### Task statement
First find the line with "sector rotation-13页 行业研究" in the entries below, then set down exactly every line through the line with "Лондон (Великобритания). Мужской", that line included.

### Data supplied

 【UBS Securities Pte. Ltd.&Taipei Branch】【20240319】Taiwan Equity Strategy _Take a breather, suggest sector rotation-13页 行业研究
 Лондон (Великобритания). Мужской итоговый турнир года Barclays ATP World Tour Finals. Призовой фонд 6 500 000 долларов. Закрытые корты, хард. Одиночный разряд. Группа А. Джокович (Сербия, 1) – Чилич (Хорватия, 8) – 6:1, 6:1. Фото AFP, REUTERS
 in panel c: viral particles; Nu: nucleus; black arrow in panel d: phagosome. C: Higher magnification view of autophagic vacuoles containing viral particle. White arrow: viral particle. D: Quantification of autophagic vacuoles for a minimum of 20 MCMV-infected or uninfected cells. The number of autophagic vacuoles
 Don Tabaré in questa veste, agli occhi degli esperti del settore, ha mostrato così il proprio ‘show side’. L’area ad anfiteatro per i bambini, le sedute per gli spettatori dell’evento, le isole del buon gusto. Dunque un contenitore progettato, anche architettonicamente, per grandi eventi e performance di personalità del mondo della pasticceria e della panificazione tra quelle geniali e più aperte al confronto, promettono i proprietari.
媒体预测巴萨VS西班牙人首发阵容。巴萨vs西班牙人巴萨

---

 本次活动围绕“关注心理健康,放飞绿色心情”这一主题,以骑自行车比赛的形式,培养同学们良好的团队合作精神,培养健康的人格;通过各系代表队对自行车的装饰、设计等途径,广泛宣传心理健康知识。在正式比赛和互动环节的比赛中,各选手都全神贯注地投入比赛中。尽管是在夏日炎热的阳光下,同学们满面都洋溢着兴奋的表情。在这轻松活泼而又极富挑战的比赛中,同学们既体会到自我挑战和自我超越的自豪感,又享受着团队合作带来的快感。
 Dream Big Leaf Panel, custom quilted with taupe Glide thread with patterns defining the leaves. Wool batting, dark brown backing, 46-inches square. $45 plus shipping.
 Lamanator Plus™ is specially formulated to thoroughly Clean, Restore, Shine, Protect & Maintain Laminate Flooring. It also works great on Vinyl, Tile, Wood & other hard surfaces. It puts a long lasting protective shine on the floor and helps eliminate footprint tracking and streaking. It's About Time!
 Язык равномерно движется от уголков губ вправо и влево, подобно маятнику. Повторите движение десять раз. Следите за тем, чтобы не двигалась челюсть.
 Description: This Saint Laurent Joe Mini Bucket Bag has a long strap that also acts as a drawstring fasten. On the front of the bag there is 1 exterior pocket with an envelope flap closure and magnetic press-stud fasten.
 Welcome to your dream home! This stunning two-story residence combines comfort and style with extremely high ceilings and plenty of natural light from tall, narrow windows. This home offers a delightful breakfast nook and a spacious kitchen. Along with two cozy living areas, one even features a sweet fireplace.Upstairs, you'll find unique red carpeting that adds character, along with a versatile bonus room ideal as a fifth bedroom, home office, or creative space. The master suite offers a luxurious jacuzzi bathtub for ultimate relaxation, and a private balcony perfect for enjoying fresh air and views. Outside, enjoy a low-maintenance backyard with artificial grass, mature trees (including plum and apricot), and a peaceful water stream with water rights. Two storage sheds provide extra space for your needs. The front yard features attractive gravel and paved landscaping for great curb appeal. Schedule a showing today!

### Task output
 【UBS Securities Pte. Ltd.&Taipei Branch】【20240319】Taiwan Equity Strategy _Take a breather, suggest sector rotation-13页 行业研究
 Лондон (Великобритания). Мужской итоговый турнир года Barclays ATP World Tour Finals. Призовой фонд 6 500 000 долларов. Закрытые корты, хард. Одиночный разряд. Группа А. Джокович (Сербия, 1) – Чилич (Хорватия, 8) – 6:1, 6:1. Фото AFP, REUTERS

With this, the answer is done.